So, what is left for Esau? What blessing does he get? Nothing much to write home to Mom about: no fruitfulness from the earth, no dew from heaven, live by the sword and serve your brother.

Like a little hamster on a wheel, much energy with no reward. Esau’s fate was being put through a very narrow opening. He lost so much and did not realize the true seriousness of it until it was too late.

Am I the same? Haven’t there been warnings along the way? Didn’t I know my choices were taking me down the road? Didn’t I sense trouble? I did, but didn’t trust it. I just kept on. Forged ahead. Assumed it was fine. All would be well.

Of course, in some ways, that is true.
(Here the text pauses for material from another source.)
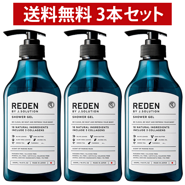 【まとめ買い】REDEN SHOWER GEL リデン ボディソープ ボディーソープ 500ml 3本セット マリンムスク 低刺激 いい香り 無添加 フレグランス 天然由来 洗浄 スキンケア ボディケア 爽快 爽やか さっぱり
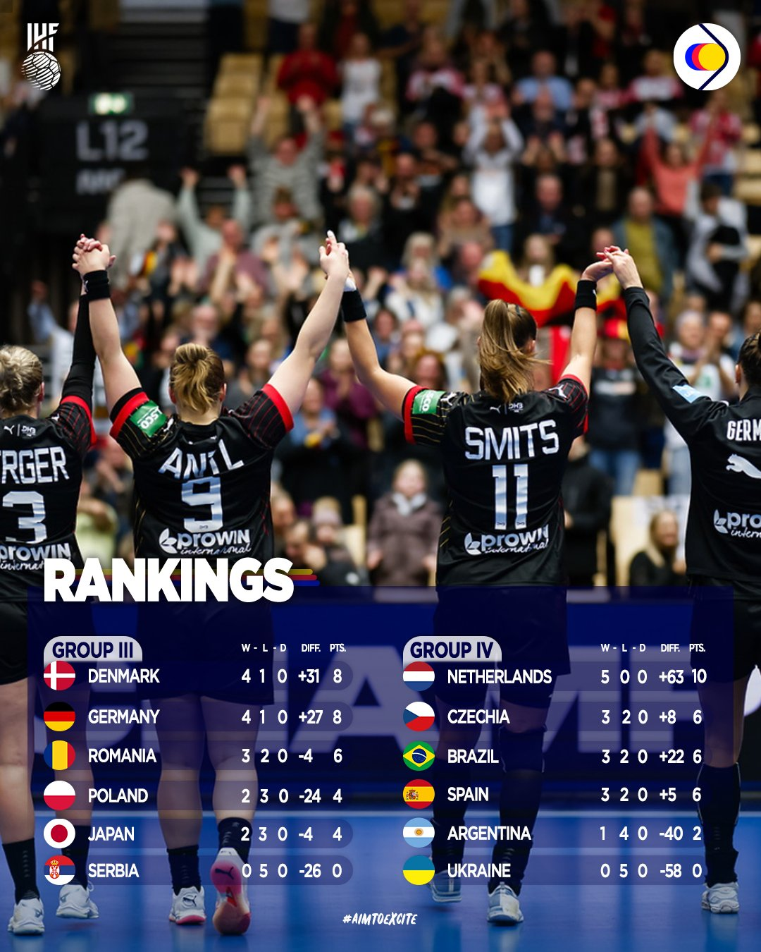 Vis dėlto japonėms ši pergalė nepadėjo patekti į ketvirtfinalį. Kitose rungtynėse Tekančios saulės šalies rankininkės nusileido ne tik favoritėms vokietėms, bet ir įveikiamoms Rumunijos bei Lenkijos komandoms. Namie žaidžiančios danės galėjo lengviau atsikvėpti – jos dar prieš paskutinįjį antrojo etapo turą užsitikrino teisę žaisti ketvirtfinalyje. Rungtynėse dėl pirmosios vietos III grupėje danės nugalėjo vokietes (abi komandos iškovojo po 8 taškus).

God showed up and did some circumstantial transformation. But there was a great cost. There were many losses along the way. I didn’t come to the things of God until my late twenties, a failed marriage, a failed career, and an isolation that can be called loneliness in the midst of chaos.

We all make mistakes in those years, don’t we? If only, if only, we had paid attention. Esau didn’t. I didn’t. So, the end has come out better than I deserved. Truly. But I know, in my heart, I know, I missed the blessing originally intended for me. I neglected the opportunity.

But, the grace of God is still greater than my error. I have a life, a family, children, a house, a car, a job. I have a comfort that is beyond anything I expected or deserved. I see that clearly. But I still remember those other days, those days when I lost the blessing intended for me. Not by the deceit of another, but by my own near-sightedness.

Forgive me Father.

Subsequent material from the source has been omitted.